La "détox" est au cœur de l'Ayurvéda Maharishi

La « détox » est au cœur de l’Ayurvéda Maharishi

L’Ayurvéda Maharishi distingue principalement trois types de toxines dont il faut débarrasser la physiologie par des mécanismes appropriés de détoxification s’inscrivant dans une séquence correcte. La plus courante des toxines s’appelle ama, produit collant issu d’une digestion incomplète, ce qui arrive lorsque le feu digestif est faible ou encore lorsque l’estomac est trop plein. Si ama n’est pas éliminé rapidement, il finit par quitter le tube digestif et circuler dans d’autres parties du corps. A ce stade, ama peut aggraver les doshas et les sous-doshas, provoquant un déséquilibre dans telle ou telle zone du corps. Si la cause première n’est pas rapidement traitée, ama va continuer de s’accumuler dans une zone de la physiologie et se mélanger avec les sous-doshas, les tissus (dhatus)  ou encore les déchets comme l’urine par exemple (malas).

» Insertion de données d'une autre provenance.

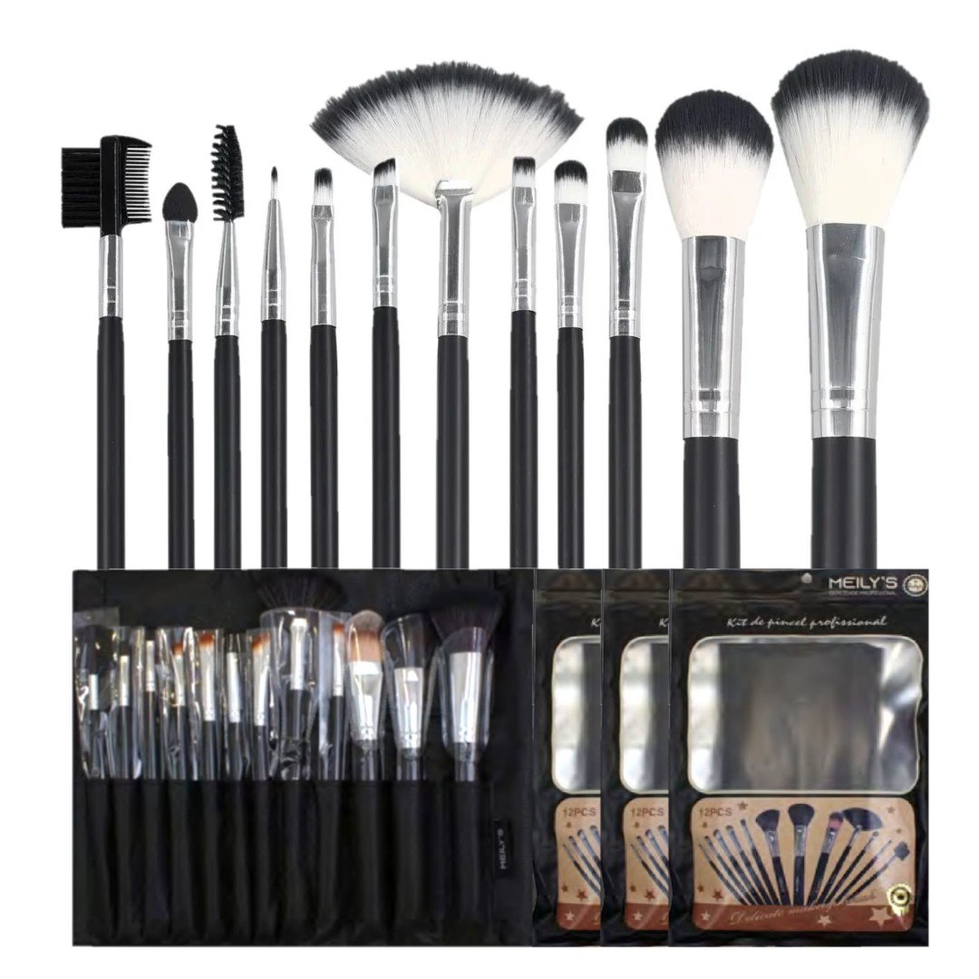 Eleve o nível da sua maquiagem com o Kit Meily’s. Composto por 12 pincéis selecionados, este conjunto cobre todas as etapas da sua rotina de beleza — da preparação da pele com base e corretivo à aplicação detalhada de sombras e iluminadores.

Lorsqu’il se mélange avec ces parties de la physiologie, ama se transforme en amavisha, un produit considéré par les praticiens de l’Ayurvéda Maharishi comme le second type de toxine. Le troisième type de toxine regroupe toutes substances toxiques liées à l’environnement. Elles proviennent du monde extérieur. Ce sont les pesticides et les engrais chimiques que l’on trouve dans l’alimentation moderne, auxquels s’ajoutent une longue liste de conservateurs, d’additifs ou d’aliments génétiquement modifiés. Les aliments qui ont « tourné » et regorgent de bactéries nocives tombent aussi dans cette catégorie. Parmi d’autres substances toxiques de cette troisième catégorie, appelées garavisha, on trouve l’arsenic, le plomb, l’amiante, les produits chimiques contenus dans les détergents et les produits ménagers, les poisons, les polluants de l’air et de l’eau, les produits chimiques et synthétiques contenus dans les vêtements et enfin les drogues dites récréatives.